# Records provided
────────────────────────────────────────
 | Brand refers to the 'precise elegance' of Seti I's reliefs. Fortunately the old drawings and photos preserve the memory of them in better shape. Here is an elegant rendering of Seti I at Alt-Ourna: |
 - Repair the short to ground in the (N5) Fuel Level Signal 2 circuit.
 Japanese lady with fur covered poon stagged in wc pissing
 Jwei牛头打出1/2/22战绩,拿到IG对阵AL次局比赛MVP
────────────────────────────────────────
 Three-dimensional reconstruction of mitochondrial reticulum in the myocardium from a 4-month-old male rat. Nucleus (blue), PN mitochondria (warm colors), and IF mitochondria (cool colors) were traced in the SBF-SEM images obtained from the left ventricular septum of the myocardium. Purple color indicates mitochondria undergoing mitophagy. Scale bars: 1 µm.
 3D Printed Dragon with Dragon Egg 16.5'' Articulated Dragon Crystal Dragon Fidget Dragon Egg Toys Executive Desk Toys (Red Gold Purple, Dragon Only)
────────────────────────────────────────
# Exercise prompt
Copy out only the lines above from the one with "at Alt-Ourna: |" to the one with "Jwei牛头打出1/2/22战绩,拿到IG对阵AL次局比赛MVP", inclusive, exactly as they stand.

# Reply
 | Brand refers to the 'precise elegance' of Seti I's reliefs. Fortunately the old drawings and photos preserve the memory of them in better shape. Here is an elegant rendering of Seti I at Alt-Ourna: |
 - Repair the short to ground in the (N5) Fuel Level Signal 2 circuit.
 Japanese lady with fur covered poon stagged in wc pissing
 Jwei牛头打出1/2/22战绩,拿到IG对阵AL次局比赛MVP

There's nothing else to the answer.